Все происходит в заброшенном павильоне киностудии, где когда-то снимался Чаплин и в котором живет Монро. П. Руднев писал, что это фотостудия, но нет — именно павильон киностудии, заброшенное пространство с ослепшими, замершими камерами. Пространство, начинавшееся с великого немого и оканчивающееся великой немотой, невозможностью воплощения. Это важно. Не фотосессия — игра перед камерой (пусть и сломанной, безглазой), хотя и фотосессия тоже есть: пришедший фотограф белит лицо Мэрилин и снимает ее будто мертвую (сперва актеру надо умереть во второй реальности, сыграть умирание), а мы видим эти кадры на экране, и Коженяк очень похожа на Монро в сериях ее постановочных фотографий.

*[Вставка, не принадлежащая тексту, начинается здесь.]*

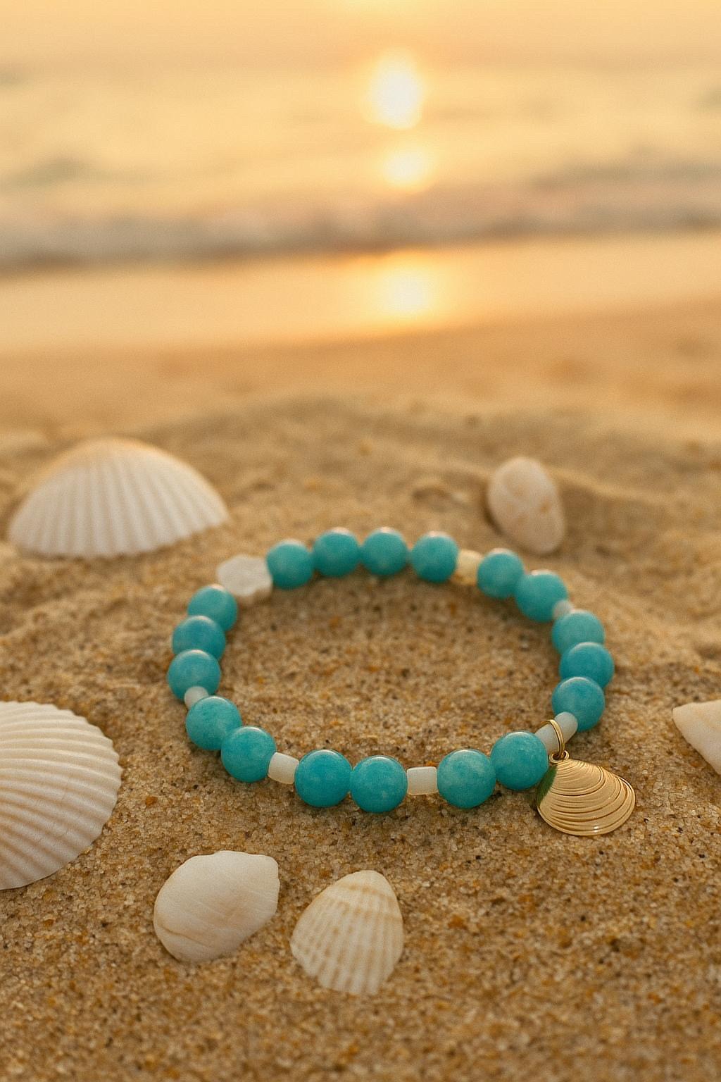 Voici une nouvelle version de mon bracelet “Écume d’Oléron”, désormais orné d’un délicat coquillage doré en acier inoxydable, symbole d’accueil, d’écoute intérieure et de lien profond à la mer.
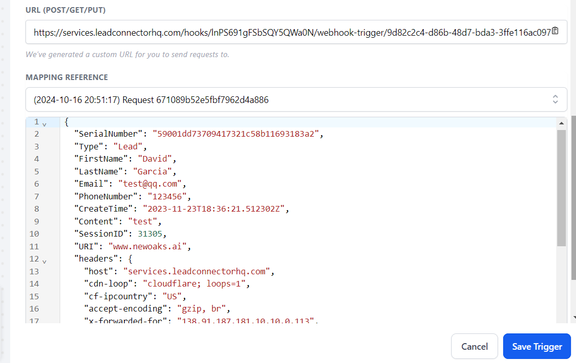Go back to GoHighLevel website, click “Fetch Sample Requests” button to get lead information
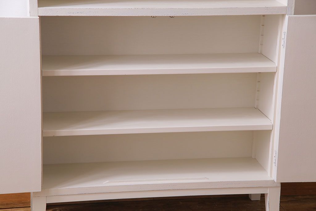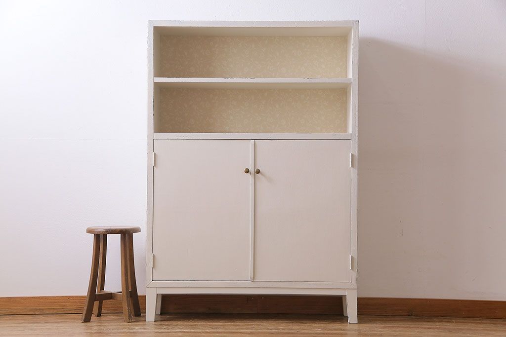 ペイント家具 壁紙が可愛らしいレトロな収納棚(キャビネット、オープンラック、本棚)
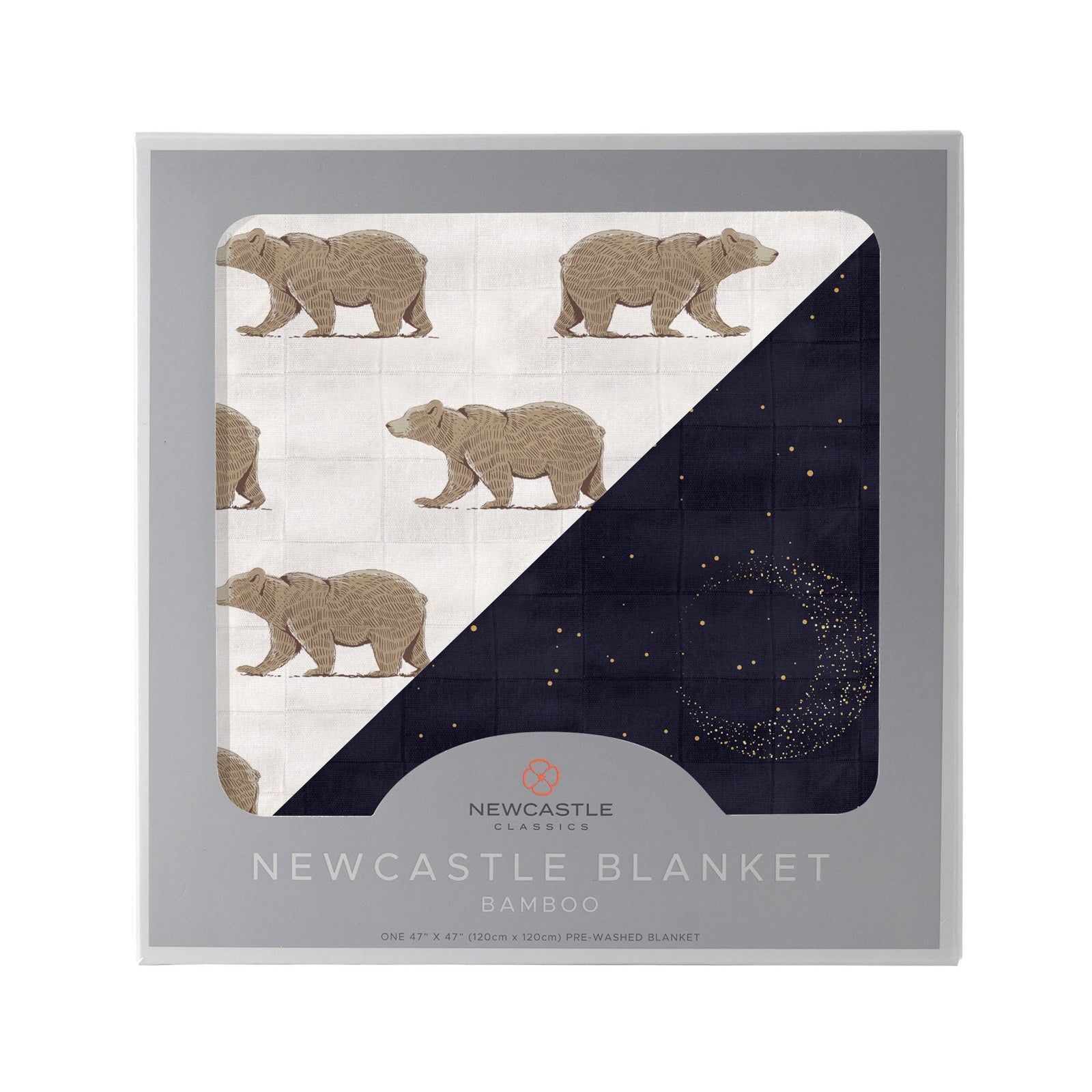 Goodnight Bear and Midnight Moon Bamboo Muslin Newcastle Blanket

Эта киностудия, естественно, метафора: реальная Монро жила в замкнутом мире своего домашнего «бунгало», Люпа запирает ее в эстетизированном пространстве искусства, ржавые двери которого запирают выход в реальный мир, заставляют «вечную женственность» чувствовать себя актрисой перед камерой. А играет B в присутствии С… И даже более сложно.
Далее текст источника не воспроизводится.